For a single user prompting with one or few prompts at a time, compute is not th...

yencabulator · 2025-07-24T15:53:00 1753372380

> This is because the entire model's weights must be run through the algorithm many times per prompt.

And this is why I'm so excited about MoE models! qwen3:30b-a3b runs at the speed of a 3B parameter model. It's completely realistic to run on a plain CPU with 20 GB RAM for the model.

osti · 2025-07-23T01:52:54 1753235574

Yes, but with a 400B parameter model, at fp16 it's 800GB right? So with 800GB/s memory bandwidth, you'd still only be able to bring them in once per second.

Edit: actually forgot the MoE part, so that makes sense.

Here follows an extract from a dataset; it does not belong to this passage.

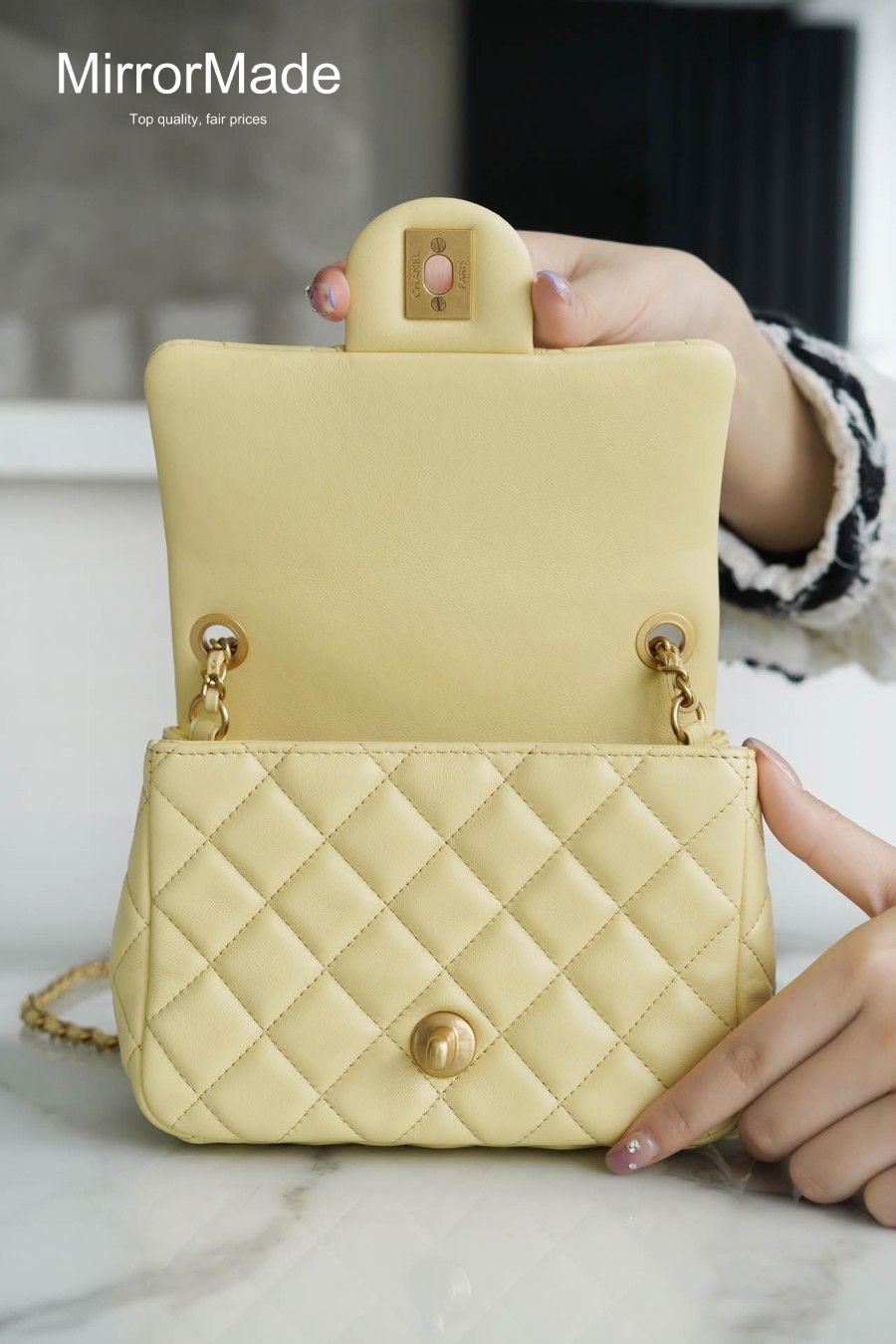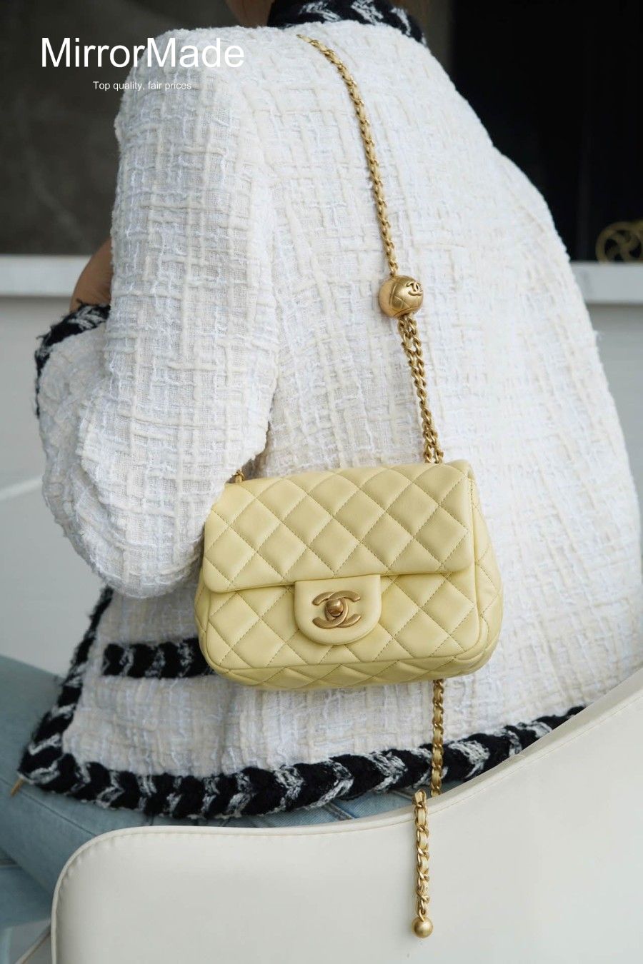 • 샤넬 23K 골드볼 쁘띠삭 미니 플랩백 램스킨 AS1786
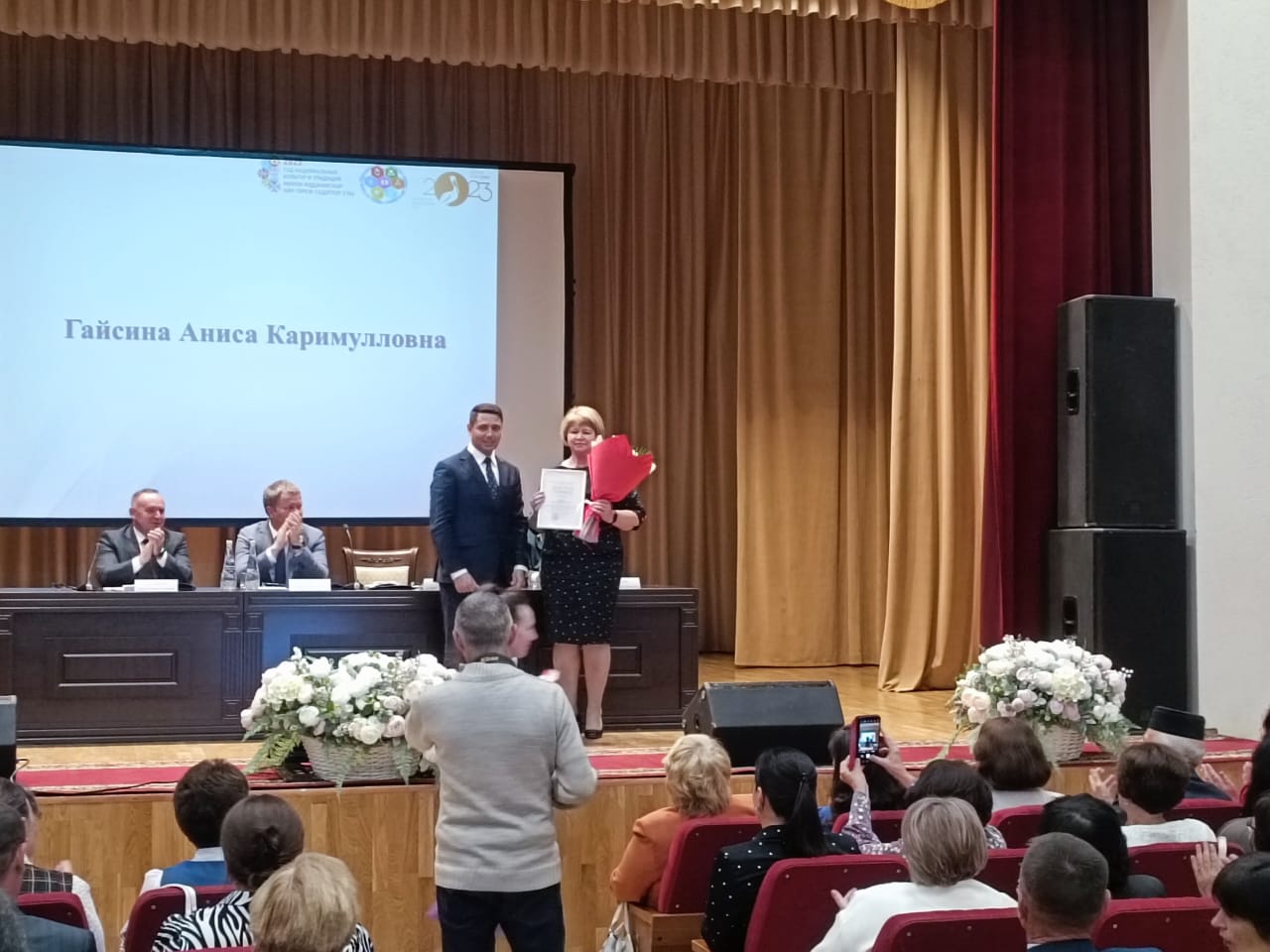 Опубликовано: 21.08.2023Награждена Почётной Грамотой МНиО РТ Гайсина А.К., учитель истории и обществознания. Салахиев Н.Ю. , директор школы выступил на августовской конференции учителей района о работе центра Точка роста.

timschmidt · 2025-07-23T02:05:47 1753236347

Approximately, yes. For MoE models, there is less required bandwidth, as you're generally only processing the weights from one or two experts at a time. Though which experts can change from token to token, so it's best if all fit in RAM. The sort of machines hyperscalers are using to run these things have essentially 8x APUs each with about that much bandwidth, connected to other similar boxes via infiniband or 800gbps ethernet. Since it's relatively straightforward to split up the matrix math for parallel computation, segmenting the memory in this way allows for near linear increases in memory bandwidth and inference performance. And is effectively the same thing you're doing when adding GPUs.